Optimizing the rendering code for a particle system can be tricky. Additionally, given the speed of the current accelerators on the market, rendering is usually not the bottleneck. Updating the particles and creating new ones as the old ones die is significantly more expensive. Thus, I'll concentrate on the second technique.

Optimizing recalc() by means of LODs is relatively simple. We only need to define what will vary depending on the distance/resolution and how it will vary. The easiest technique is to vary the number of particles, interpolating from a basic particle system with only a few particles when we are far away, to a full-blown system when we are up close. The sequence we will follow will be

Calculate the ideal number of particles depending on distance.
Recalculate the existing particles.
If a particle dies, respawn it only if we are below our ideal particle number.
If we are still below our ideal particle number, scan the empty particles in the array to respawn accordingly.

So, we have an ideal system size that we converge on by means of not respawning particles (to decrease the size) or by creating new ones (to increase detail).

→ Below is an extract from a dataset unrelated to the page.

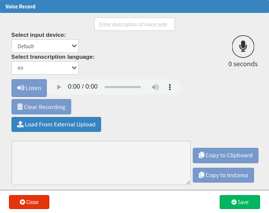 - A Voice Record screen will open, which can be used to make, upload, transcribe and listen to audio recordings.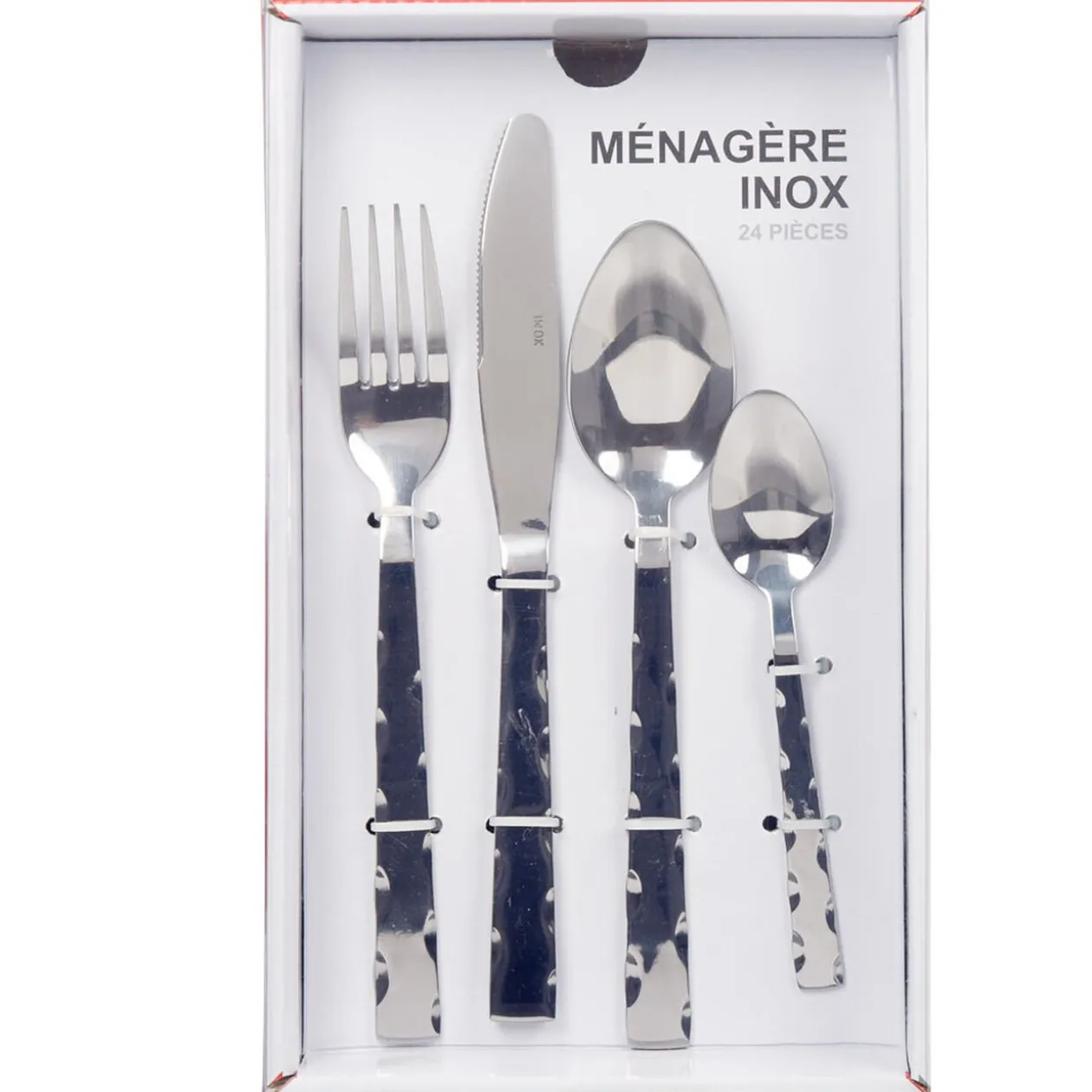 Ménagère 24 pièces en inox, avec décor en relief pour donner un style original et moderne à votre table.

A caveat on this technique is that it requires the viewer's speed to be slow compared to the respawn frequency of the particles.

As a counterexample, imagine a jet fighter simulator where we use this technique to simulate smoke coming from ground explosions. The plane "sees" the particle system five miles ahead, where it consists of about 10 particles only. Because the jet fighter is very fast, and the smoke plume is comparatively small, the plane can approach too fast for the system to create new particles, resulting in a poor-looking system.

Another way of optimizing recalculations involves simplifying the inner calculations performed for each particle. Some systems calculate complex equations to ensure a physically and visually correct look. But for distant systems, some calculations can be switched off, and thus save precious clock cycles. I will provide two examples here.

Imagine a physically based particle system, such as smoke plumes interacting with wind. Essentially, the plume rises using a sine wave to displace in X and Z, and some Perlin noise is added to the mix to provide a nice, rich swirling. Noise influence is increased with height, so the top of the plume is more chaotic.

But remember that Perlin noise is a costly function: Each evaluation requires nontrivial math such as trilinear interpolations and Spherical Linear Interpolators (SLERPs). Clearly, not the kind of math you want to do standing five miles away from the system. So, our decision could be to switch off the Perlin noise with distance.

A different example would be global or interactive particle systems, where each particle interacts with the others or with the environment to create a complex behavior. Many times, these interparticle interactions provide subtle detail, such as particle collisions, attractions, and repulsion: leaves falling and colliding with each other, raindrops colliding with the scenario, and so on. On the other hand, they are very costly. Remember that the classic particle recalc loop has a cost of

 O(number of particles)

But an interactive system raises that to

 O(# of particles * # of interactors)

We have seen how spatial indexing techniques can be used to reduce the second member of the cost equation. But many global or interactive calculations can be scaled down (or even completely eliminated) with distance. It is unlikely that the viewer will notice if the leaves are not colliding when standing sufficiently far away from the system.

Shader-Based Particle Systems

One of the best ways to speed up a particle system is to implement the expensive physics simulator on a shader (shaders are covered in Chapter 21, "Procedural Techniques"), so it can be executed in parallel to the CPU. This imposes some restrictions on what can actually be computed, but most effects can be achieved this way.

Shaders are an advanced subject, and covering them here would interfere with the structure of the book. But a complete section on particle systems and shaders can be found in Chapter 21. I suggest you browse that section to learn how to speed up the computation of a particle system using shaders.